Community Supervision / Probation
What Is “Straight” Probation?
Straight probation happens when a person is convicted, either after a trial or as a result of a guilty plea, and sentenced to spend a specific amount of time in either jail or prison. A judge can order the jail or prison sentence to be “suspended” and place the person on probation instead of serving the time in a correctional facility. The judge will impose conditions of probation that the person will have to follow while on probation. These conditions will vary depending on the county the person is in and the offense for which they have been convicted, but they typically include reporting to a probation officer, staying out of trouble with the law, performing community service, and participating in educational programs. With straight probation, the person has a conviction on their record, but avoids serving their sentence in jail or prison.
What Is “Deferred Adjudication” Probation?
Deferred adjudication probation avoids not only serving jail or prison time, but also avoids having the conviction on your record. With deferred adjudication, a person pleads guilty to the offense they have been charged with, but instead of finding the person guilty and sentencing them, the judge defers a finding of guilt and places them on deferred adjudication probation for a set amount of time. Essentially, what the judge is saying is that I could find you guilty right now, but I'm going to set that on the shelf over here for this amount of time. If you do everything you're supposed to do and stay out of trouble, at the end of that time I will dismiss your case.
What Happens if I Violate the Terms of My Probation?
For both types of probation, getting arrested for a new charge or violating any of the conditions of your probation can cause serious problems. If this happens, the State can ask the judge to terminate your probation. What happens next depends on whether you are on straight or deferred adjudication probation. For straight probation, the State will file a motion to revoke probation. If you are on deferred adjudication, the State will file a motion to proceed to adjudication.
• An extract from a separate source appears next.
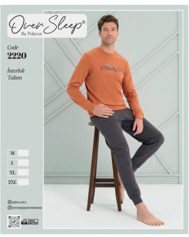 OVER SLEEP ERKEK POLEREN KİREMİT İNTERLOK PİJAMA TAKIM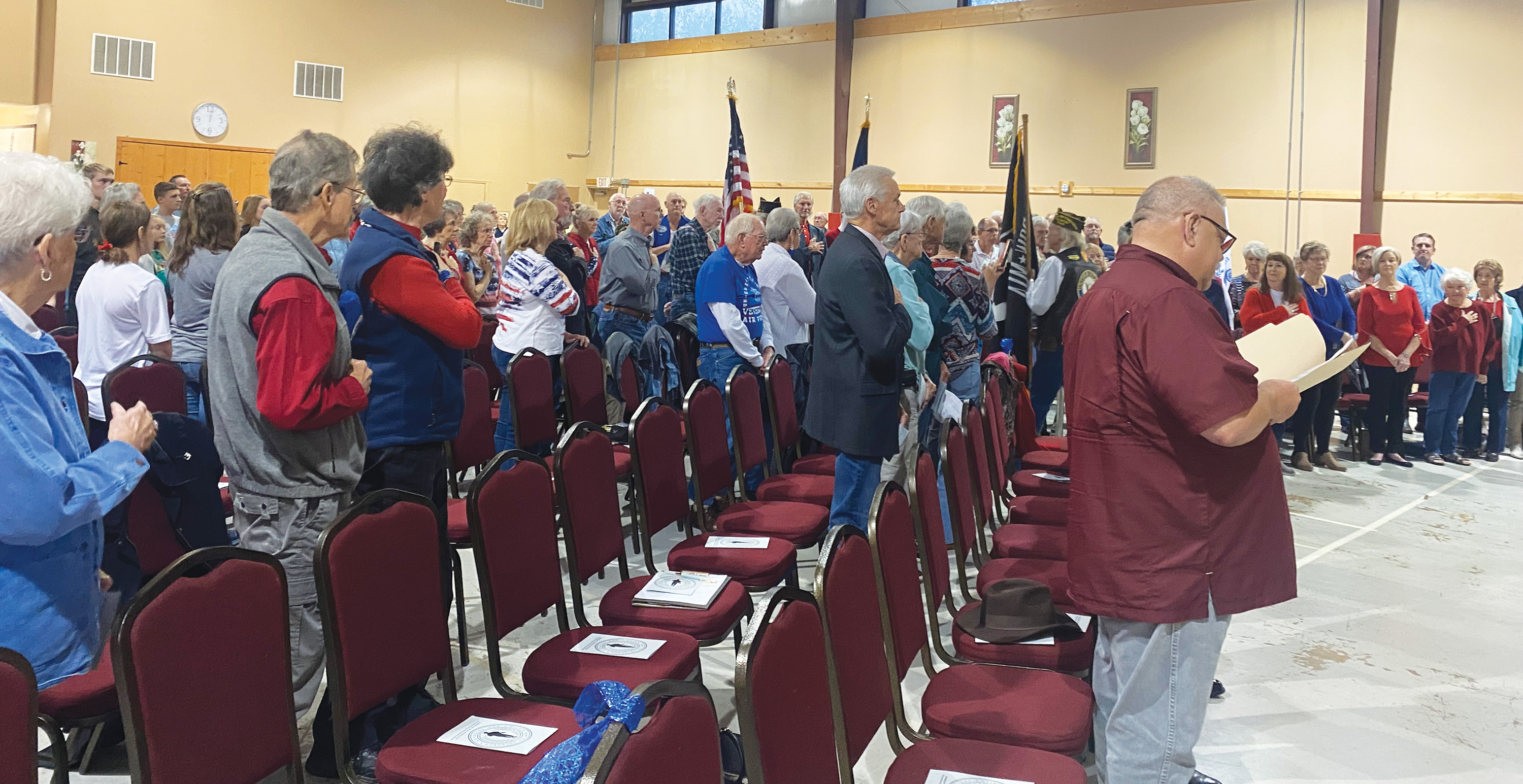 A Veteran’s Day event was held at 11 a.m. Friday, November 11, at The Lake Whitney Senior Center. The ceremony began with the Presentation of The Colors, completed by members of American Legion Post 522 and Veterans of Foreign Wars Post 12176, both of Whitney. In attendance were representatives of District 29 VFW Auxiliary, the DAR and Heart of Texas Blue Star Mothers.The Whitney High School Jazz Band plays patriotic tunes of the World War II Era. The band also played the anthems for the Army, Navy, Air Force and Marine Corps, and veteran audience members stood and sang along when the band played the anthem of the branch that they served in. Another musical performance was the White Bluff Chapel choir singing a patriotic choral medley, directed by Chapel Minister of Music and Family Aaron Franklin. At left, Debbie Gregory presented the Missing Man Exhibit. Gregory, the secretary of District 29 VFW Auxilary, said that the exhibit accompanied by an empty chair represents those missing from home. Gregory said, “Even though the initial purpose of the missing person table ceremony was to honor those missing in action and prisoners of war, it can also honor all those missing from home. Those who are still serving, who are still serving or fighting overseas, on foreign soil, are missing from home. Those who have been injured and are in hospitals throughout the world are missing from someone’s home. Those who gave the ultimate sacrifice will always be missing from home.”

In either case, you will be entitled to a hearing where the State will have to prove to the judge that you violated a condition of your probation. If the judge finds that you violated the probation, the judge will impose a sentence. For straight probation, the judge can sentence you up to the amount of your original sentence which was suspended. For deferred adjudication, there was no sentence imposed, so the judge can find you guilty and sentence you to any amount of time within the range of punishment for the offense, as well as impose a fine up to the maximum for the offense.
Can I Get Off Probation Early?
In most cases, Texas law allows for the early termination of probation. However, the decision is completely at the judge's discretion and a judge can deny early release from probation even if the probationer meets all of the requirements.
The rules for early release depend on whether a person is on straight or deferred adjudication probation.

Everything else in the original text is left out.